L’hypothèse de styles d’apprentissage individualisés est née dans les années 1970 dans les pays anglo-saxons, où elle a grandement influencé l’éducation[4]. Ses adeptes recommandaient aux enseignants d’évaluer les styles d’apprentissage de leurs apprenants pour adapter leurs méthodes d’enseignement afin de répondre au mieux au style d’apprentissage de chaque apprenant. Peu d’études ont réussi à valider le concept de styles d’apprentissage en éducation, hormis les préférences exprimées par certains individus sur la façon dont ils préfèrent recevoir de l’information[4]. Les détracteurs de cette théorie affirment qu’il n’existe aucune preuve que l’identification du style d’apprentissage d’un apprenant produise de meilleurs résultats. Il existe en revanche des preuves de problèmes empiriques et pédagogiques liés à l’utilisation de tâches d’apprentissage pour « correspondre à des différences de manière individualisée[5]. » Des études bien conçues contredisent l’hypothèse fort répandue du « maillage », selon laquelle l’apprenant apprendrait mieux en apprenant avec une méthode jugée comme appropriée à son style d’apprentissage[4].

Mise en gardeModifier

Le concept de modes d’apprentissage a fait l’objet de critiques substantielles de la part des scientifiques qui se sont livrés à l’examen de vastes corpus de recherche[6],[4]. Au regard de la force probante des éléments de preuve en défaveur des styles d’apprentissage, les enseignants, les concepteurs pédagogiques, formateurs, professeurs (et tous les professionnels de l’éducation et d’apprentissage) sont invités à faire preuve d’un scepticisme marqué vis-à-vis l’utilisation de l’approche des modes d’apprentissage pour tenter d’améliorer les résultats de l’apprentissage, faute d'étude probante. Un article soumis à un comité de lecture de 2015 a conclu que : « Les théories des styles d'apprentissage ne marchent pas, et il est de notre responsabilité de s’assurer que les élèves le savent[7]. » Les psychologues Scott Lilienfeld, Barry Beyerstein et leurs collègues ont mis l’idée que « les élèves apprennent mieux lorsque les styles d'enseignement sont adaptés à leurs styles d’apprentissage au nombre des « 50 grands mythes de la psychologie populaire[8] » avant de résumer quelques raisons pertinentes de ne pas croire à ce « mythe[8] ».

SchémaModifier

Une étude des publications scientifiques menée en 2004 ayant identifié jusqu’à 71 différentes théories de styles d’apprentissage[6], toute tentative de description des styles d’apprentissage donc est, par définition, difficile à accomplir dans la mesure où, en l’absence de toute validation scientifique objective, chaque définition se limite ipso facto à des témoignages empiriques voués à varier selon chaque praticien.
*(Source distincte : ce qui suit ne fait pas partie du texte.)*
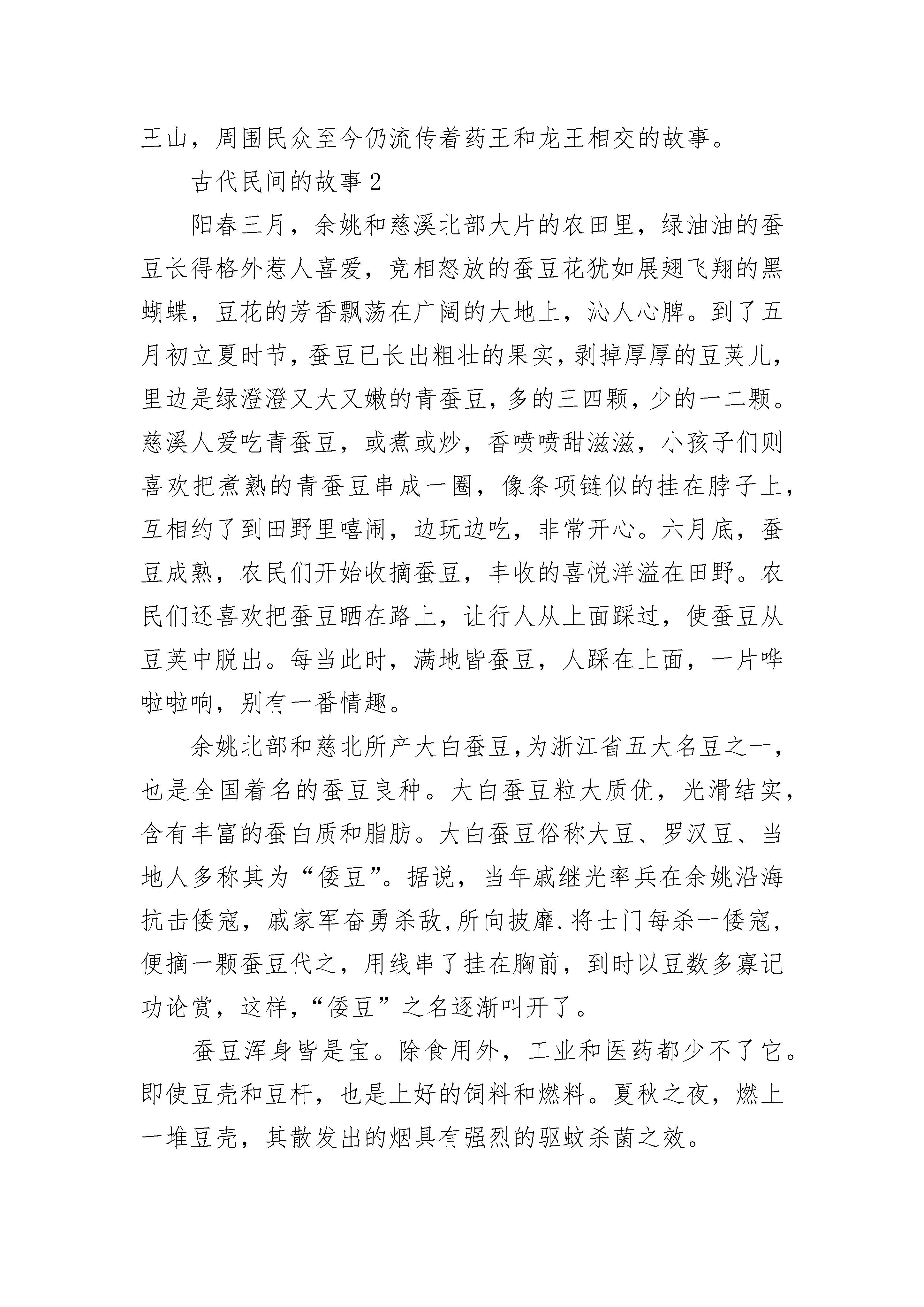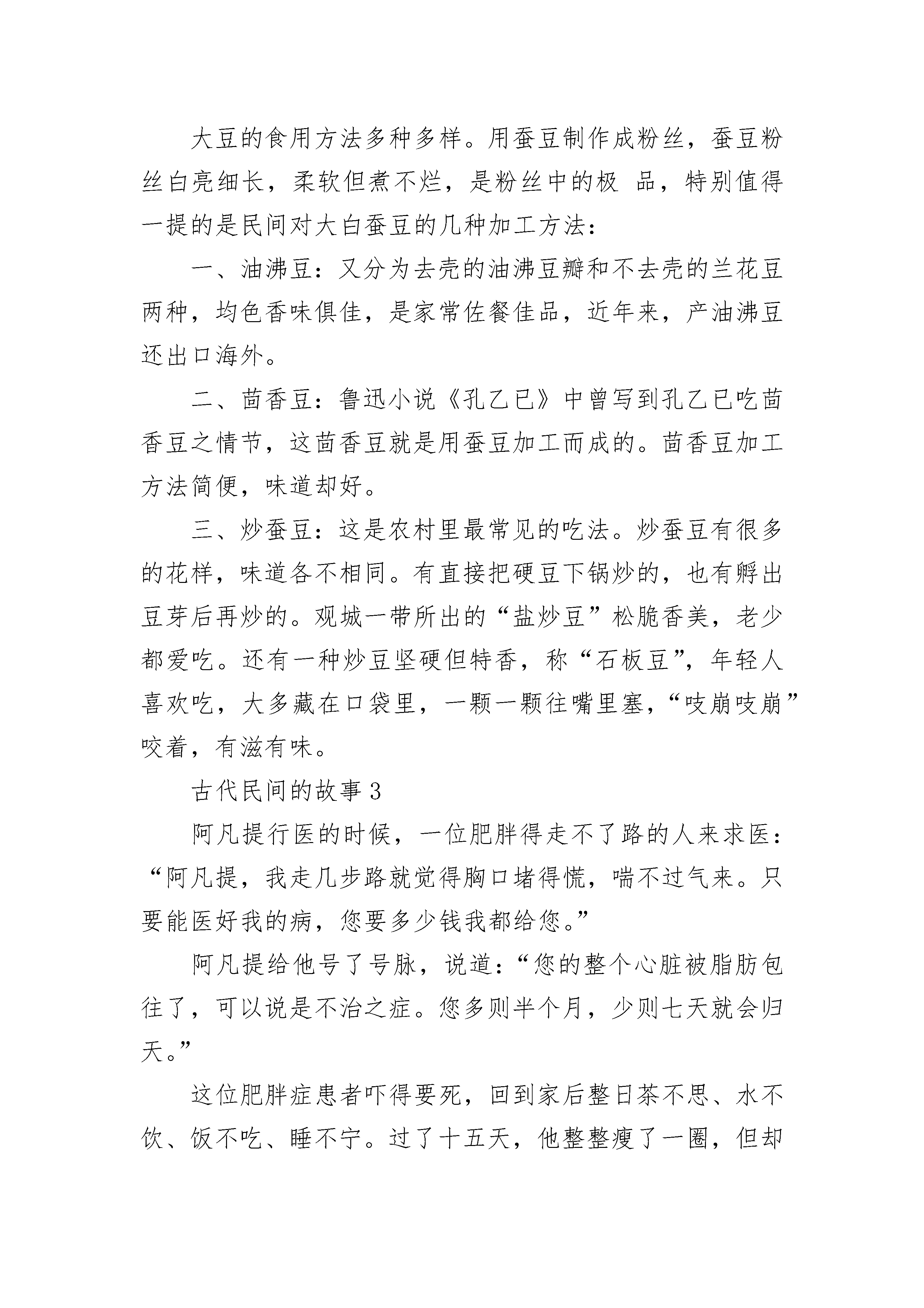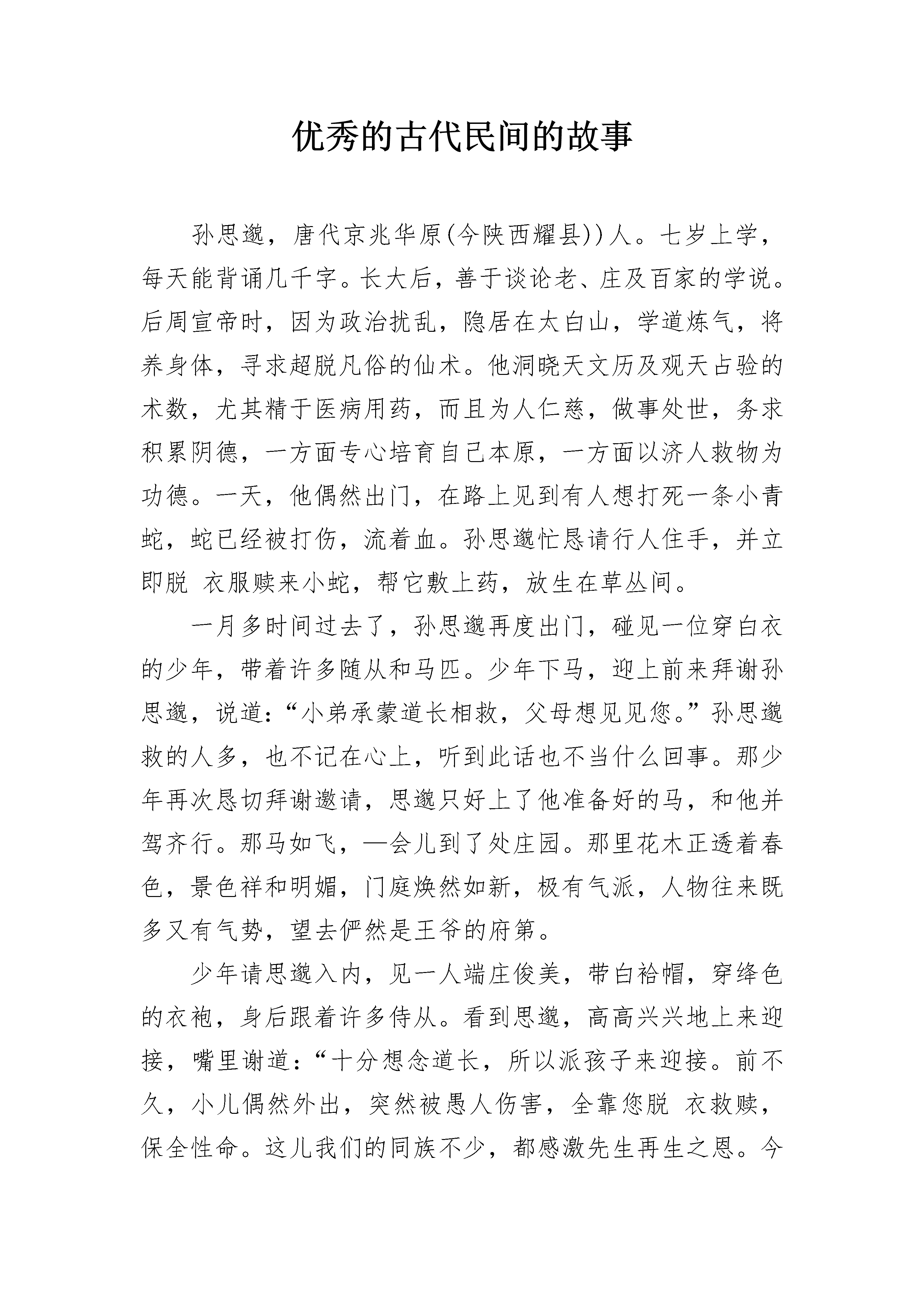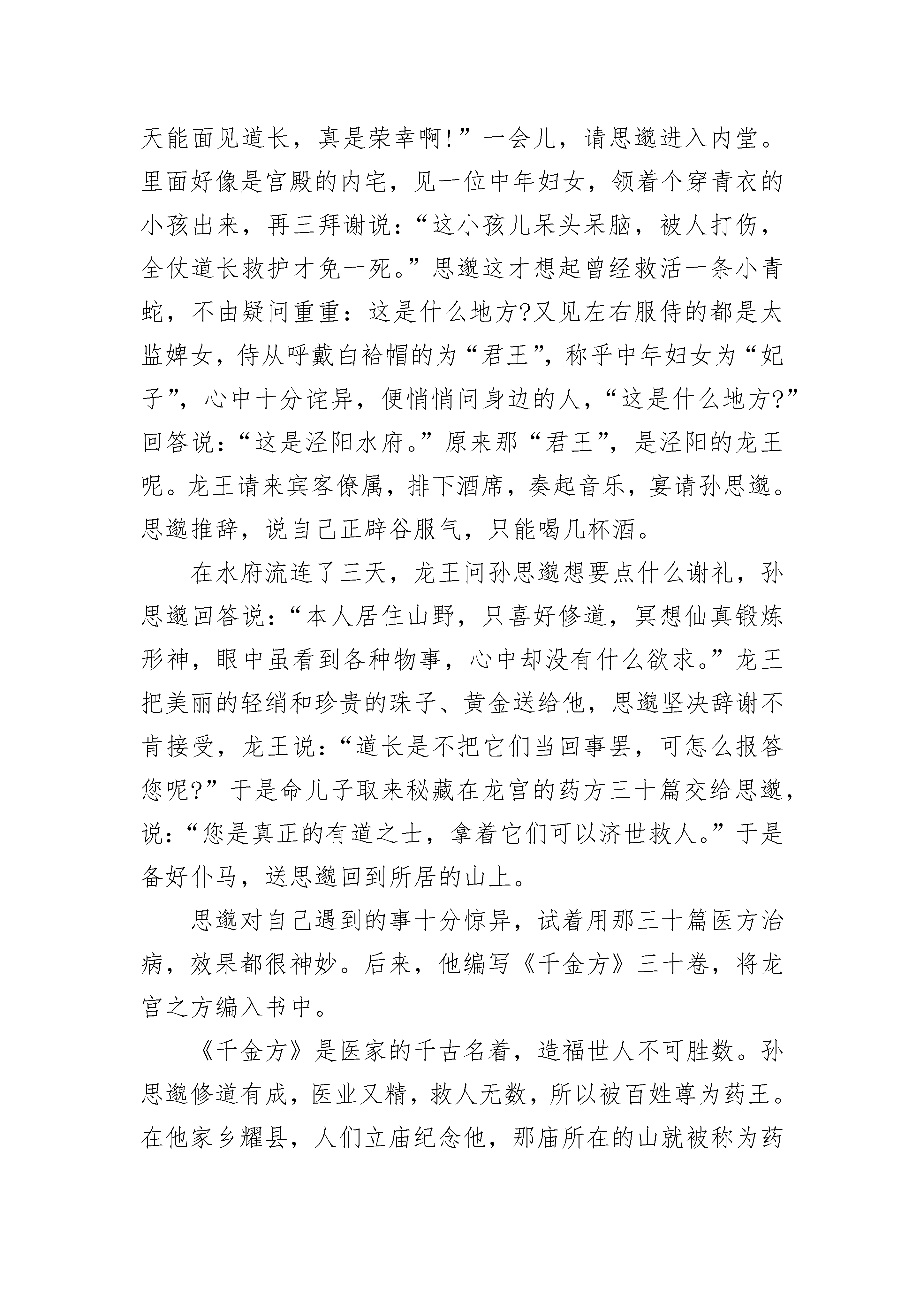 优秀的古代民间的故事孙思邈,唐代京兆华原(今陕西耀县))人。七岁上学,每天能背诵几千字。长大后,善于谈论老、庄及百家的学说。后周宣帝时,因为政治扰乱,隐居在太白山,学道炼气,将养身体,寻求超脱凡俗的仙术。他洞晓天文历及观天占验的术数,尤其精于医病用药,而且为人仁慈,做事处世,务求积累阴德,一方面专心培育自己本原,一方面以济人救物为功德。一天,他偶然出门,在路上见到有人想打死一条小青蛇,蛇已经被打伤,流着血。孙思邈忙恳请行人住手,并立即脱衣服赎来小蛇,帮它敷上药,放生在草丛间。一月多时间过去了,孙思邈再度出门,碰见一位穿白衣的少年,带着许多随从和马匹。少年下马,迎上前来拜谢孙思邈,说道:“小弟承蒙道长相救,父母想见见您。”孙思邈救的人多,也不记在心上,听到此话也不当什么回事。那少年再次恳切拜谢邀请,思邈只好上了他准备好的马,和他并驾齐行。那马如飞,—会儿到了处庄园。那里花木正透着春色,景色祥和明媚,门庭焕然如新,极有气派,人物往来既多又有气势,望去俨然是王爷的府第。少年请思邈入内,见一人端庄俊美,带白袷帽,穿绛色的衣袍,身后跟着许多侍从。看到思邈,高高兴兴地上来迎接,嘴里谢道:“十分想念道长,所以派孩子来迎接。前不久,小儿偶然外出,突然被愚人伤害,全靠您脱衣救赎,保全性命。这儿我们的同族不少,都感激先生再生之恩。今天能面见道长,真是荣幸啊!”一会儿,请思邈进入内堂。里面好像是宫殿的内宅,见一位中年妇女,领着个穿青衣的小孩出来,再三拜谢说:“这小孩儿呆头呆脑,被人打伤,全仗道长救护才免一死。”思邈这才想起曾经救活一条小青蛇,不由疑问重重:这是什么地方?又见左右服侍的都是太监婢女,侍从呼戴白袷帽的为“君王”,称乎中年妇女为“妃子”,心中十分诧异,便悄悄问身边的人,“这是什么地方?”回答说:“这是泾阳水府。”原来那“君王”,是泾阳的龙王呢。龙王请来宾客僚属,排下酒席,奏起音乐,宴请孙思邈。思邈推辞,说自己正辟谷服气,只能喝几杯酒。在水府流连了三天,龙王问孙思邈想要点什么谢礼,孙思邈回答说:“本人居住山野,只喜好修道,冥想仙真锻炼形神,眼中虽看到各种物事,心中却没有什么欲求。”龙王把美丽的轻绡和珍贵的珠子、黄金送给他,思邈坚决辞谢不肯接受,龙王说:“道长是不把它们当回事罢,可怎么报答您呢?”于是命儿子取来秘藏在龙宫的药方三十篇交给思邈,说:“您是真正的有道之士,拿着它们可以济世救人。”于是备好仆马,送思邈回到所居的山上。思邈对自己遇到的事十分惊异,试着用那三十篇医方治病,效果都很神妙。后来,他编写《千金方》三十卷,将龙宫之方编入书中。《千金方》是医家的千古名着,造福世人不可胜数。孙思邈修道有成,医业又精,救人无数,所以被百姓尊为药王。在他家乡耀县,人们立庙纪念他,那庙所在的山就被称为药王山,周围民众至今仍流传着药王和龙王相交的故事。古代民间的故事2阳春三月,余姚和慈溪北部大片的农田里,绿油油的蚕豆长得格外惹人喜爱,竞相怒放的蚕豆花犹如展翅飞翔的黑蝴蝶,豆花的芳香飘荡在广阔的大地上,沁人心脾。到了五月初立夏时节,蚕豆已长出粗壮的果实,剥掉厚厚的豆荚儿,里边是绿澄澄又大又嫩的青蚕豆,多的三四颗,少的一二颗。慈溪人爱吃青蚕豆,或煮或炒,香喷喷甜滋滋,小孩子们则喜欢把煮熟的青蚕豆串成一圈,像条项链似的挂在脖子上,互相约了到田野里嘻闹,边玩边吃,非常开心。六月底,蚕豆成熟,农民们开始收摘蚕豆,丰收的喜悦洋溢在田野。农民们还喜欢把蚕豆晒在路上,让行人从上面踩过,使蚕豆从豆荚中脱出。每当此时,满地皆蚕豆,人踩在上面,一片哗啦啦响,别有一番情趣。余姚北部和慈北所产大白蚕豆,为浙江省五大名豆之一,也是全国着名的蚕豆良种。大白蚕豆粒大质优,光滑结实,含有丰富的蚕白质和脂肪。大白蚕豆俗称大豆、罗汉豆、当地人多称其为“倭豆”。据说,当年戚继光率兵在余姚沿海抗击倭寇,戚家军奋勇杀敌,所向披靡.将士门每杀一倭寇,便摘一颗蚕豆代之,用线串了挂在胸前,到时以豆数多寡记功论赏,这样,“倭豆”之名逐渐叫开了。蚕豆浑身皆是宝。除食用外,工业和医药都少不了它。即使豆壳和豆杆,也是上好的饲料和燃料。夏秋之夜,燃上一堆豆壳,其散发出的烟具有强烈的驱蚊杀菌之效。大豆的食用方法多种多样。用蚕豆制作成粉丝,蚕豆粉丝白亮细长,柔软但煮不烂,是粉丝中的极品,特别值得一提的是民间对大白蚕豆的几种加工方法:一、油沸豆:又分为去壳的油沸豆瓣和不去壳的兰花豆两种,均色香味俱佳,是家常佐餐佳品,近年来,产油沸豆还出口海外。二、茴香豆:鲁迅小说《孔乙已》中曾写到孔乙已吃茴香豆之情节,这茴香豆就是用蚕豆加工而成的。茴香豆加工方法简便,味道却好。三、炒蚕豆:这是农村里最常见的吃法。炒蚕豆有很多的花样,味道各不相同。有直接把硬豆下锅炒的,也有孵出豆芽后再炒的。观城一带所出的“盐炒豆”松脆香美,老少都爱吃

Schématiquement, selon la théorie des styles d’apprentissage, les apprenants auditifs mémoriseraient grâce à l’écoute de signaux sonores. Il leur serait presque impossible de comprendre quoi que ce soit sans son en arrière-plan. Les apprenants visuels, eux, se représenteraient les informations de façon spatiale, avec des images qui leur permettraient de se concentrer sur le sens, de réorganiser et de regrouper des idées similaires. Les tenants des théories de style d’apprentissage ne parviennent même pas à se mettre d’accord sur ce qu’est un apprenant kinesthésique : pour Rita Dunn, l’apprentissage kinesthésique et tactile seraient une seule et même chose[9] alors que Galeet BenZion affirme que l’apprentissage kinesthésique et l’apprentissage tactile sont des styles d’apprentissage distincts, avec des caractéristiques différentes[10]. Sinon, les apprenants kinesthésiques réaliseraient par l’action, plutôt que par la pensée. Se déplacer lors de l’apprentissage augmenterait leur compréhension. L’apprentissage kinesthésique dans tous les domaines se ferait chez l’apprenant en utilisant son corps pour exprimer une pensée, une idée ou un concept.

RéfutationsModifier

De nombreux universitaires et chercheurs ont critiqué la théorie des styles d’apprentissage. Certains psychologues et neuroscientifiques ont remis en cause la base scientifique et les théories sur lesquelles elles sont fondées. Selon Susan Greenfield, d’un point de vue neuroscientifique, la méthode est « absurde » : « Les humains ont évolué pour construire une image du monde à travers le travail à l’unisson de nos sens, qui exploitent l’immense interconnectivité présente dans le cerveau[11]. »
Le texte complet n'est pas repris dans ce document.